It is now a little over two weeks since the top scientists in the world told us that we were on track for a major environmental disaster and needed to act fast on climate change. Already the headlines have moved on and some are treating it as a bit of an irritation while they rubbish environmental campaigners for risking putting up the price of fuel.
Climate change warnings from the IPCC
If that wasn’t scary enough, there’s another aspect to the Intergovernmental Panel on Climate Change (IPCC) report that has been seriously under-examined. That may be because it is worded in very obscure language and says something quite complex. If I quote the original source, you’ll see what I mean:
“Low-likelihood, high-impact outcomes could occur at global and regional scales even for global warming within the very likely range for a given [greenhouse gas] emissions scenario. The probability of low-likelihood, high-impact outcomes increases with higher global warming levels (high confidence). Abrupt responses and tipping points of the climate system, such as strongly increased Antarctic ice sheet melt and forest dieback, cannot be ruled out (high confidence).”

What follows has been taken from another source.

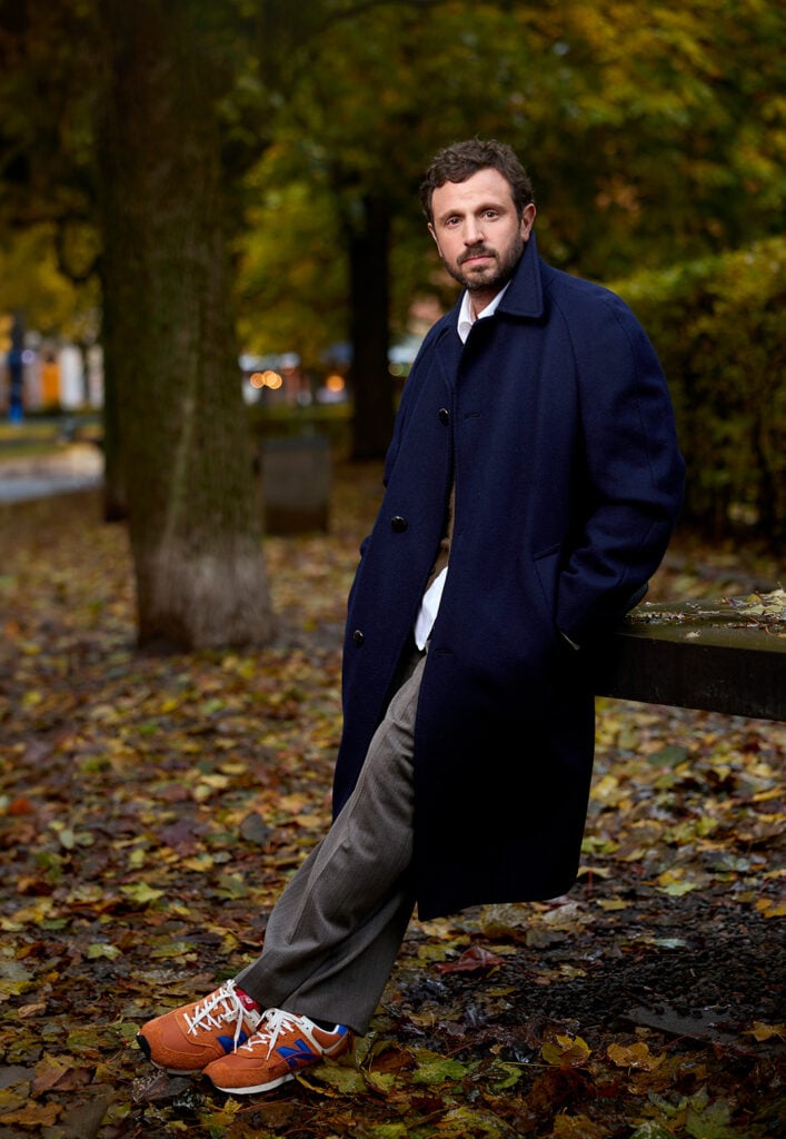 Vi ses i fotografens studio och Joel är klädd i vad som nästan skulle kunna vara en sorts terapi-kläder de luxe, en snygg yllekofta, välskräddade byxor och en elegant överrock. ”Jag har hjälp av en stylist”, erkänner han, trött på att grubbla över vad han skulle ha på sig vid det ständigt ökande antalet intervjuer i tv-soffor och tidningar.

It’s not the most riveting piece of prose I’ve read. Yet it’s a seriously alarming statement. One that comes in the most rigorously tested and challenged scientific report ever written on the subject.
Essentially, what we are being told is that the scientists simply can’t reliably predict whether events with a massive impact will take place suddenly. They don’t think these events are very likely, but they know that their impact would threaten the homes and the lives of billions. Worse still is the fact that if any of these ‘less likely’ events take place, then the impacts are effectively irreversible.
High-impact climate changing events
No one knows for sure at what point the releases of frozen methane in Siberia will become significant enough to tip the climate into an extreme warming phase. We do know that currently, there are fires in Siberia that are larger than all the fires in Europe and North America combined. These have almost certainly been triggered by only one degree of warming. And we know that there is a minimum of another one and a half degree of warming to go, and more probably three degrees.
No one knows for sure when the removal of trees in the Amazon will reach the critical point where the local rainfall levels are insufficient to support a rain forest. No one knows for sure when huge quantities of frozen methane at the bottom of the sea will be released. No one knows for sure how quickly the Greenland ice sheet will melt. No one knows how the warming North Atlantic current will be altered by changes in sea temperatures and in salinity.
These are not obscure technical concerns. They are events that are capable of challenging the existence of our civilisation.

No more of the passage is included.